▸ **Exercise prompt**
Omitting the pictures, print every line below exactly as it stands.

▸ **Raw data**
== Segment start ==
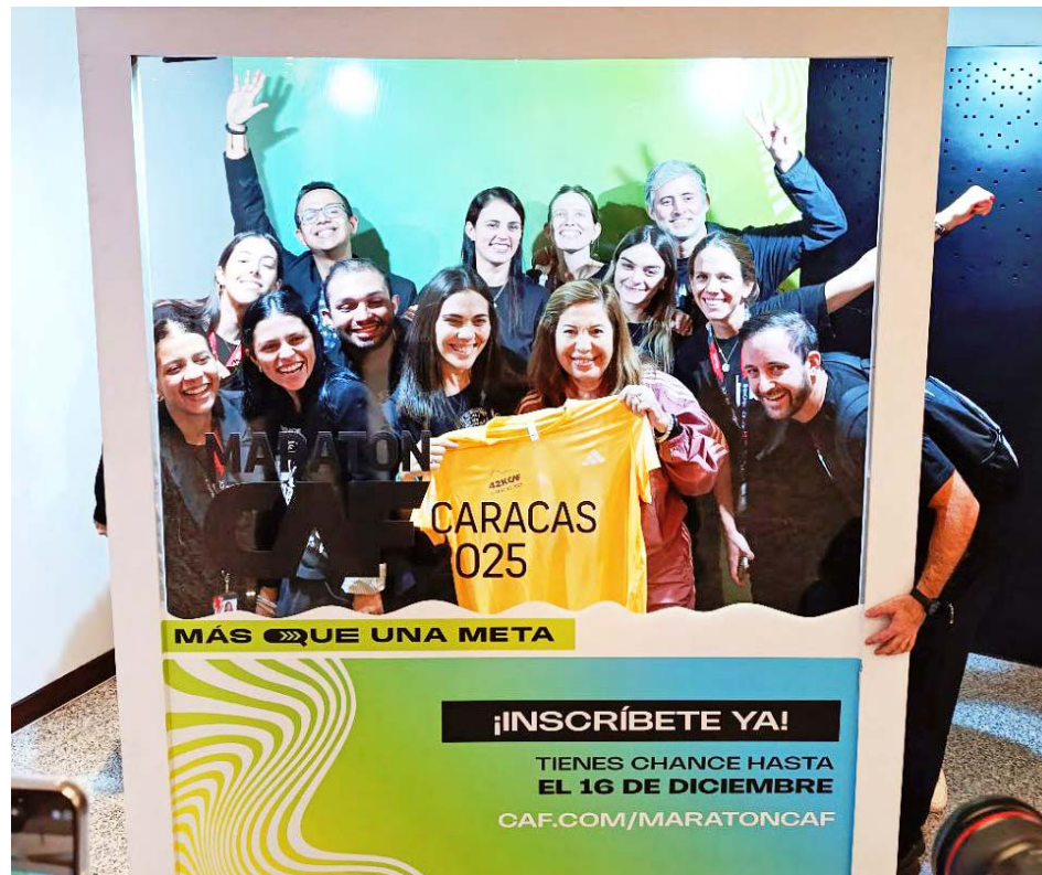
Los organizadores mostraron orgullosos la franela para el año entrante

Reiteró que las y los venezolanos cuentan en el Maratón CAF con una competencia de primer nivel gracias a la confianza depositada por la FVA y las demás federaciones en América Latina y el Caribe en los altos estándares de calidad que tiene la organiza-
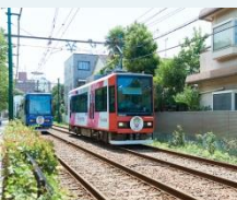
荒川区 都電荒川線沿い
== Segment end ==
▸ **Result**
Los organizadores mostraron orgullosos la franela para el año entrante

Reiteró que las y los venezolanos cuentan en el Maratón CAF con una competencia de primer nivel gracias a la confianza depositada por la FVA y las demás federaciones en América Latina y el Caribe en los altos estándares de calidad que tiene la organiza-
荒川区 都電荒川線沿い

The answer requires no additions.